For the Gait & Arm Swing pipeline, it is essential to ensure correct sensor axes orientation. For more information please read Coordinate System and set the axes of the data accordingly.

# Change the orientation of the sensor according to the documented coordinate system
df_imu[DataColumns.ACCELEROMETER_Y] *= -1
df_imu[DataColumns.ACCELEROMETER_Z] *= -1
df_imu[DataColumns.GYROSCOPE_Y] *= -1
df_imu[DataColumns.GYROSCOPE_Z] *= -1

df_imu.head()
time accelerometer_x accelerometer_y accelerometer_z gyroscope_x gyroscope_y gyroscope_z
0 0.000000 -0.550718 -0.574163 0.273684 -115.670732 32.012195 -26.097561
1 10.040039 -0.535885 -0.623445 0.254545 -110.609757 34.634146 -24.695122
2 10.040039 -0.504306 -0.651675 0.251675 -103.231708 36.768293 -22.926829
3 10.040039 -0.488517 -0.686603 0.265550 -96.280488 38.719512 -21.158537
4 10.039795 -0.494258 -0.725359 0.278469 -92.560976 41.280488 -20.304878

Change time column

ParaDigMa expects the data to be in seconds relative to the first row, which should be equal to 0. The toolbox has the built-in function transform_time_array to help users transform their time column to the correct format if the timestamps have been sampled in delta time between timestamps. In the near future, the functionalities for transforming other types (e.g., datetime format) shall be provided.

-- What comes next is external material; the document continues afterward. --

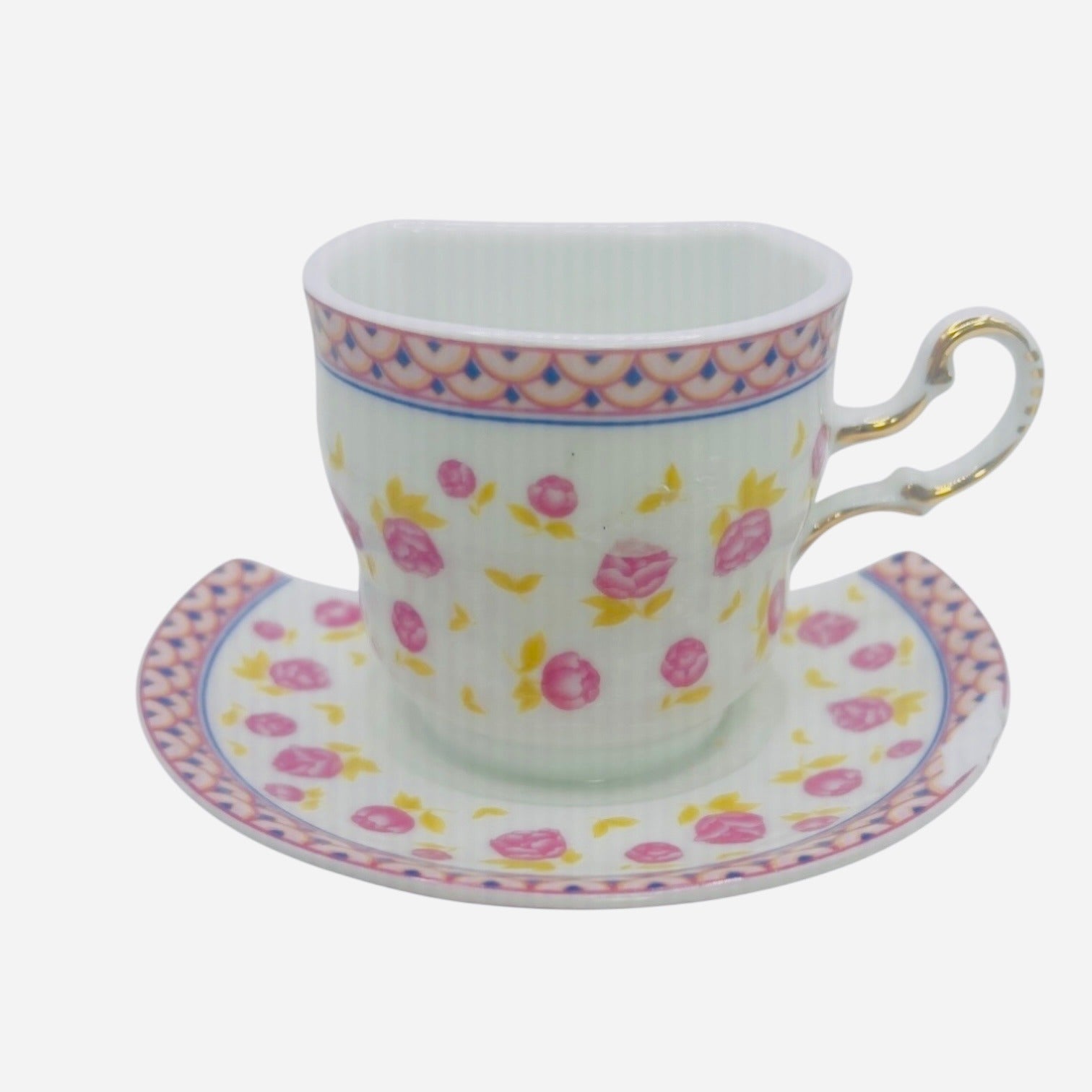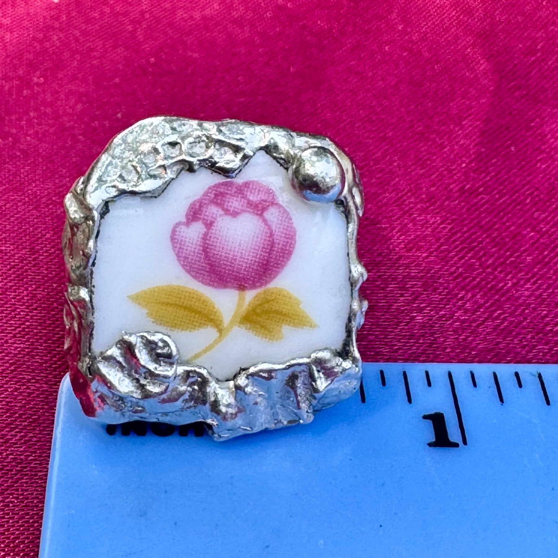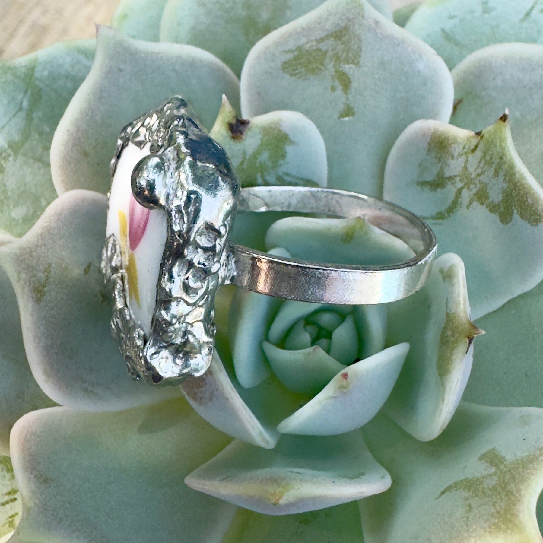 Once upon a time, a delicate piece of china was cherished in a bustling tea room. Now, reborn as a unique ring, it carries stories of laughter and friendship. Framed in silversmith's metalwork, the porcelain flower motif blooms eternally, offering a glimpse into its elegant past.

from paradigma.constants import TimeUnit
from paradigma.util import transform_time_array

df_imu[DataColumns.TIME] = transform_time_array(
    time_array=df_imu[DataColumns.TIME], 
    input_unit_type=TimeUnit.DIFFERENCE_MS, 
    output_unit_type=TimeUnit.RELATIVE_S,
)

df_imu.head()
time accelerometer_x accelerometer_y accelerometer_z gyroscope_x gyroscope_y gyroscope_z
0 0.00000 -0.550718 -0.574163 0.273684 -115.670732 32.012195 -26.097561
1 0.01004 -0.535885 -0.623445 0.254545 -110.609757 34.634146 -24.695122
2 0.02008 -0.504306 -0.651675 0.251675 -103.231708 36.768293 -22.926829
3 0.03012 -0.488517 -0.686603 0.265550 -96.280488 38.719512 -21.158537
4 0.04016 -0.494258 -0.725359 0.278469 -92.560976 41.280488 -20.304878 
from paradigma.constants import TimeUnit
from paradigma.util import transform_time_array

df_ppg[DataColumns.TIME] = transform_time_array(
    time_array=df_ppg[DataColumns.TIME], 
    input_unit_type=TimeUnit.DIFFERENCE_MS, 
    output_unit_type=TimeUnit.RELATIVE_S,
)

df_ppg.head()
time green
0 0.00000 649511
1 0.00996 648214
2 0.01992 646786
3 0.02988 645334
4 0.03984 644317

These dataframes are ready to be processed by ParaDigMa.